Последние слова он произнёс с явным раздражением. Мальчик испуганно поглядел на него. Но как ни странно, старик в коляске нисколько не разозлился.

— Не жалей для друга своего ни жены, ни водки, ибо всё приходит и уходит во времена свои и это неизбежно. Жена вымрет, водка кончится… только друзья и останутся, — и он поднял вверх корявый палец, заклеенный грязным пластырем.

Сидеть за верстаком на высоком вертящемся стуле, положив локти на холодный металл верстака и жевать тушенку из банки, прямо с размоченными в ней сухарями было так здорово, что мальчик почти не глядел по сторонам. Где-то внизу пёс, мгновенно слопавший свою порцию, умильно вертел хвостом, совершая сложные эволюции по запутанным траекториям. Видно было, что он пытается выказать равные любовь и уважение каждому их троих пирующих. Ему иногда подкидывали кусочки, которые тот ловил практически на лету.

— У наших гостей сегодня будет понос, — заметил деда Жорка, который от выпитого заметно раскраснелся и говорил без умолку. — И что нам с ними делать?

Мальчик стал есть медленнее.

— Пусть вымоется поначалу. И собаку надо вымыть, если в руки дастся.

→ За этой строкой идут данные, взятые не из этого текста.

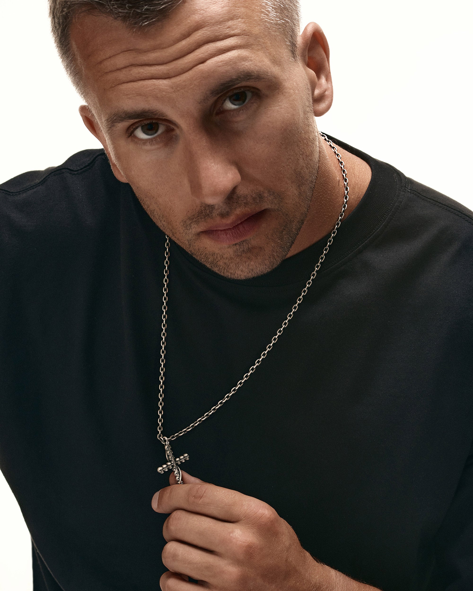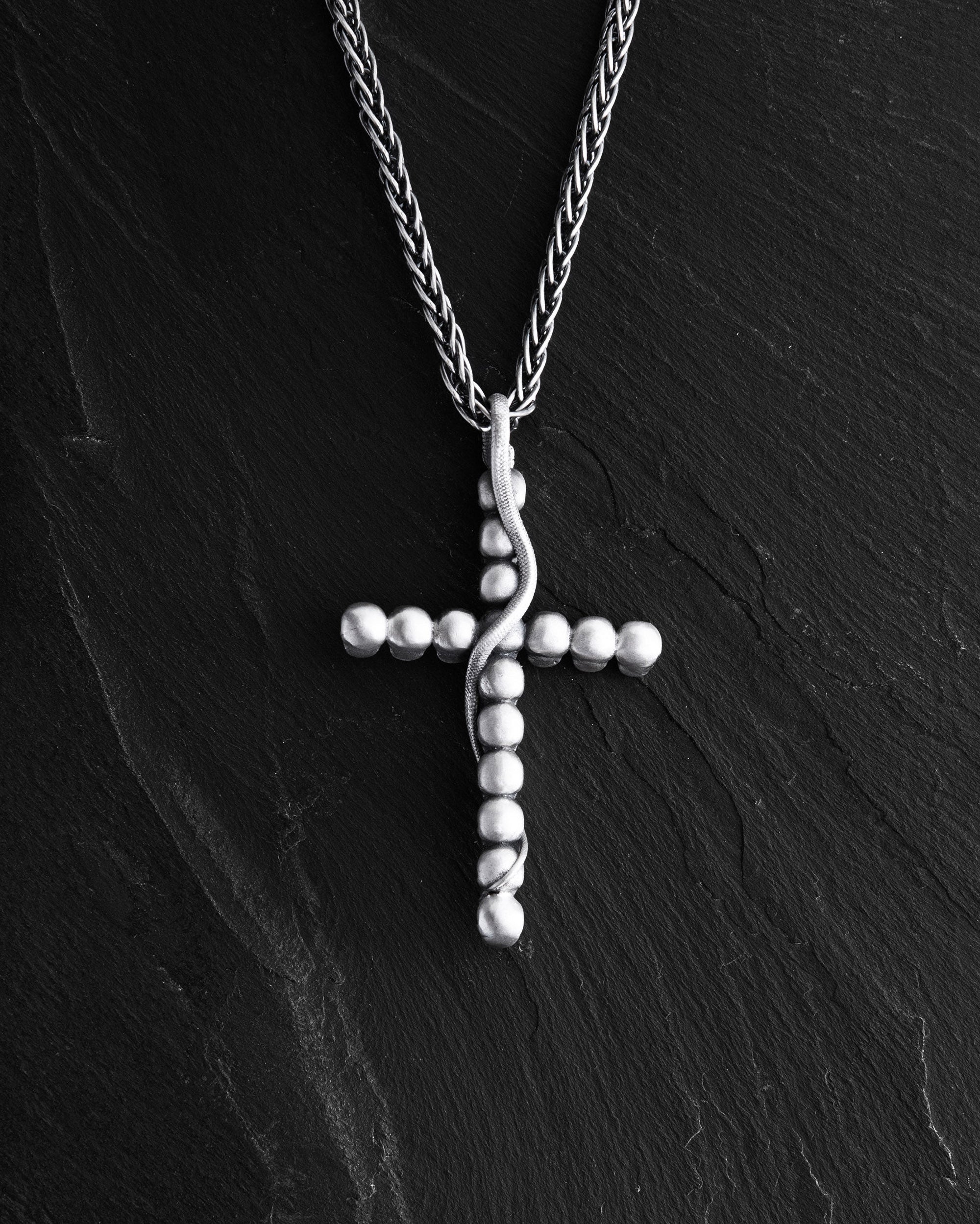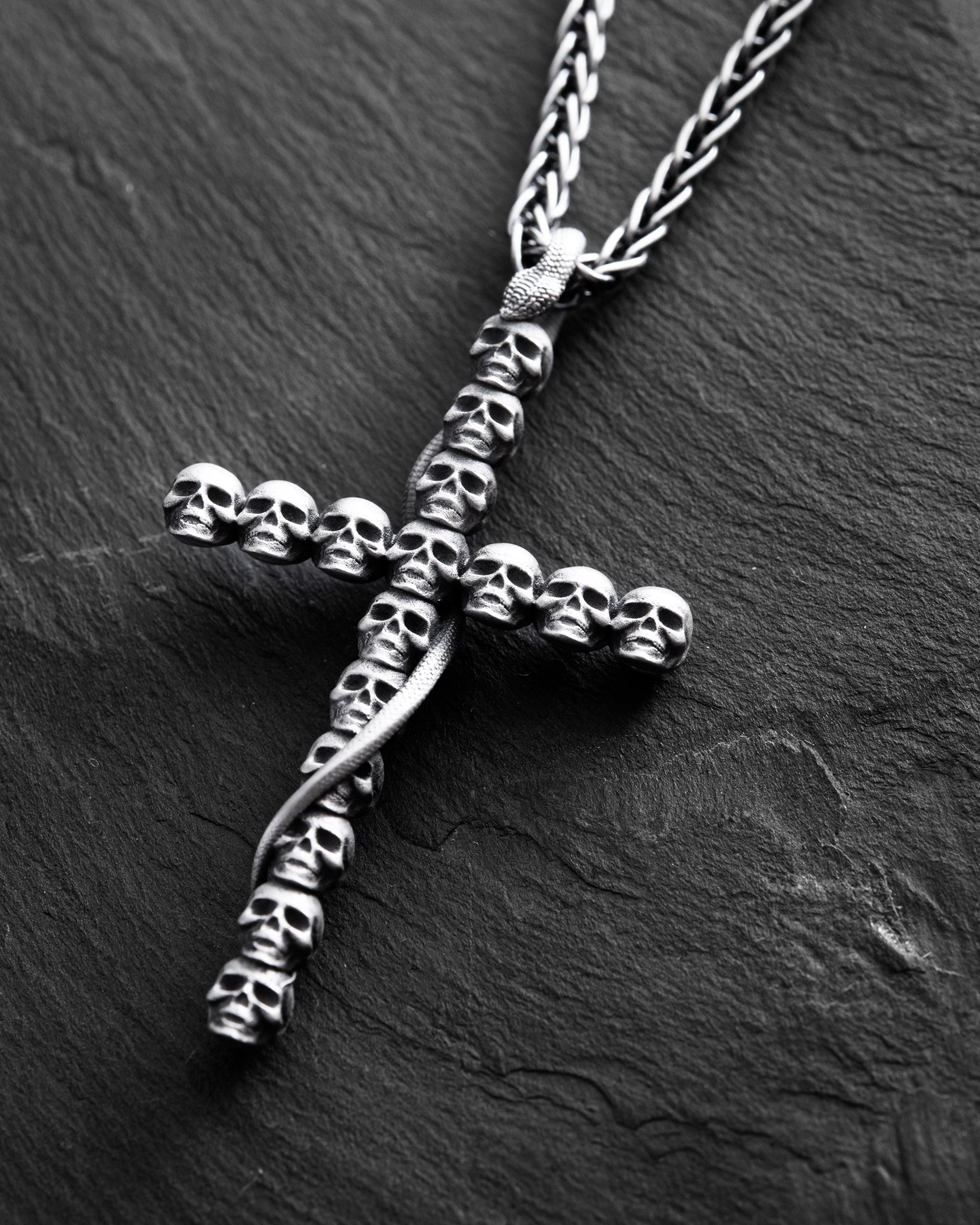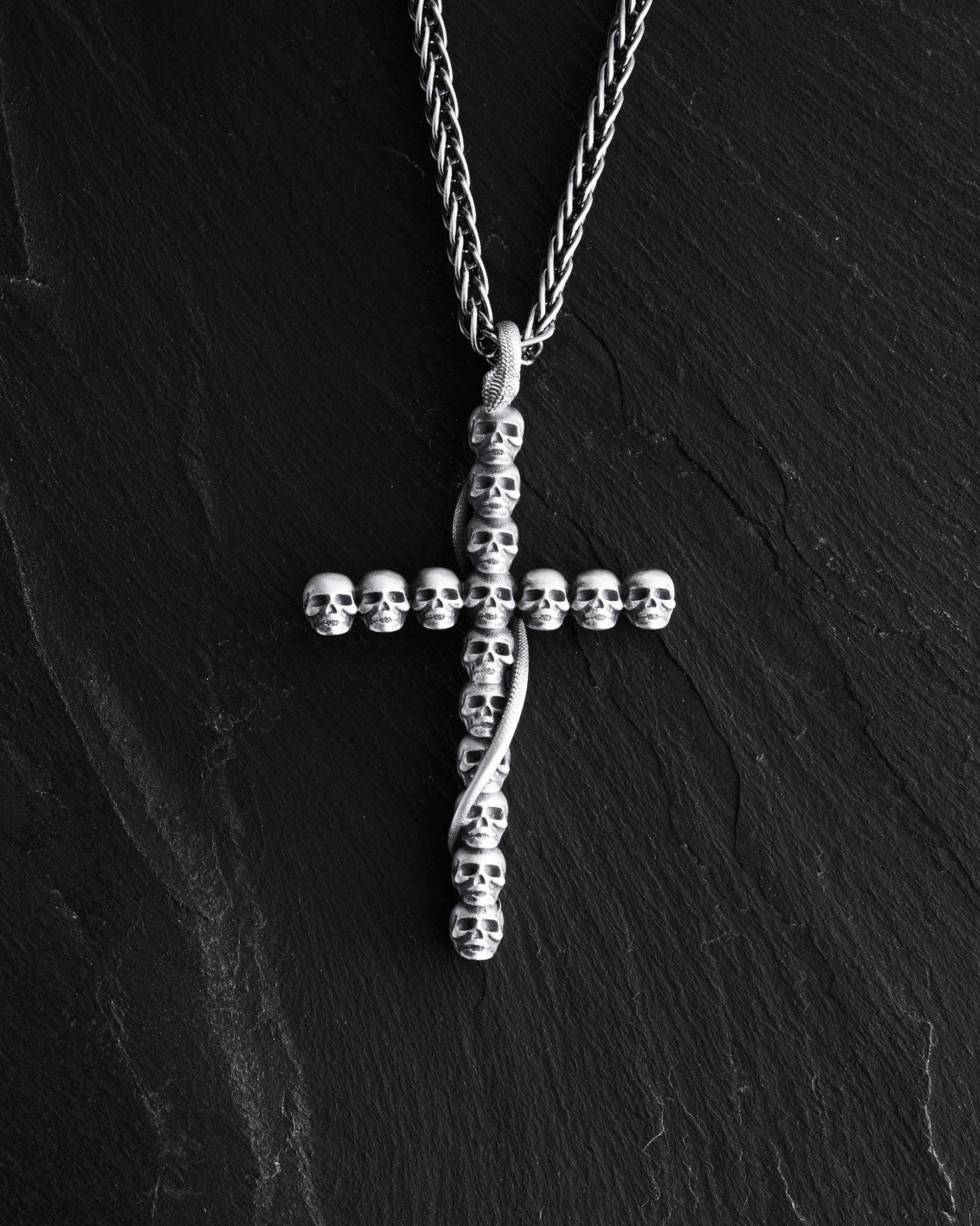 The silver pendant "GOTHIC CROSS WITH SNAKE" is a powerful symbol that combines the image of a cross made of skulls and a snake winding around it. This cross deeply embodies Gothic symbolism, where each element has its own meaning and special power. The cross, made of skulls, reminds of the inevitability of death and the fragility of life, emphasizing the importance of spiritual self-awareness and inner strength. The skulls remind of the transience of earthly life and at the same time symbolize the wisdom that comes with the awareness of one's mortality. The snake, winding around the cross, symbolizes transformation, renewal, and infinity. Combined with the cross, the snake emphasizes the idea of rebirth and constant spiritual growth. This pendant is not just an accessory, but a powerful amulet that combines the symbolism of rebirth and infinite spiritual development. It serves as a reminder of the importance of spiritual growth, the search for inner wisdom, and strength.

— Я гляжу, он у тебя говорить не мастер.

— Ты один за всех управляешься, Жора. Зови его мальчиком или пацаном. Пока. Авось когда-нибудь скажет, что и как. А собаку можно никак не звать…

— Рикки, — с набитым ртом сказал мальчик. — Рикки.

— Рикки, так Рикки. Рики-Тикки-Тави… не похож, однако.

— Какая тебе разница? Пацану хочется быть принцем инкогнито, пусть так и будет. Ну, плеснём на донышко по чуть-чуть?

— Опять с похмелья ныть будешь, что кишки болят.

— Да ладно тебе! Тут сортиров на двести человек на два года заготовлено — целых четыре штуки по шесть очков каждый.

— Лазарет забыл… нет, это уже я что-то перепутал… точно, четыре!

— Слушай, а это как-то обосновано? Есть какие-то нормативы?

— Есть, конечно.

— Прикинь, душевые, столовая, мастерская, архивы… сортиры те же — всё предусмотрено, всё по ГОСТам… а резиновых баб нету! Из расчёта на год — по четыре бабы с разными физиономиями… а тебе, как директору — пять.

— Тогда и конституция ихняя должна быть учтена: костлявая, толстая, спортивная, то есть, жилистая такая, из вакуумных жгутов скрученная, и нормальненькая.

— Мне тоже пять, между прочим! И чтобы все нормальненькие. Тощеньких ты Громову отдай. И одну персональную — из брезента.

Оба захихикали. Инвалид в кресле почесал голову сквозь ткань чёрного платка, завязанного на затылке.

— Вообще-то надо было предусмотреть их стирку и стерилизацию. Ну, да! Четыре типажа в год, плюс каждому — персональная банка с вазелином! В целях гигиены.

— Жорка, там и женщины были, между прочим. Это же не мужской монастырь.

— Бабы власть предержащие, должны иметь в аду особый уголок! Поэтому никаких им резиновых мужиков…. за грехи их тяжкие. Вазелин и бухта резинового шланга. Пусть отрезают, кому сколько надо!

— А как же гомики?

— Тощеньких и жилистых у Громова отберём — и отдадим! Вместе со шлангом!

Оба покатывались от смеха. Старик Серёга кудахтал и кашлял, вытирая слёзы, а деда Жора самодовольно закидывал голову и гоготал, пока у него с лысой башки не свалилась косынка. Мальчик увидел блестящие фиолетовые шрамы на шишковатом черепе. Не то ожоги, не то рубцы — всё сразу. Напоминало глобус бабки Кристины.

Ох, напьются они…

Правда, на обычных пьяных они не походили. Те — что пьяные, что трезвые… и так и сяк — зверьё.

Сергей Иосифович разгладил очередной лист бумаги. Записки он начал недавно и считал, что получалось криво. Впрочем, читать эти бумаги всё равно было некому, кроме старика Жорки. Если только, конечно, они не посрамят дьявола и не развернут всю эту планету в нормальное положение. Фигурально выражаясь, конечно. А точнее, говоря любимыми присказками Жорки.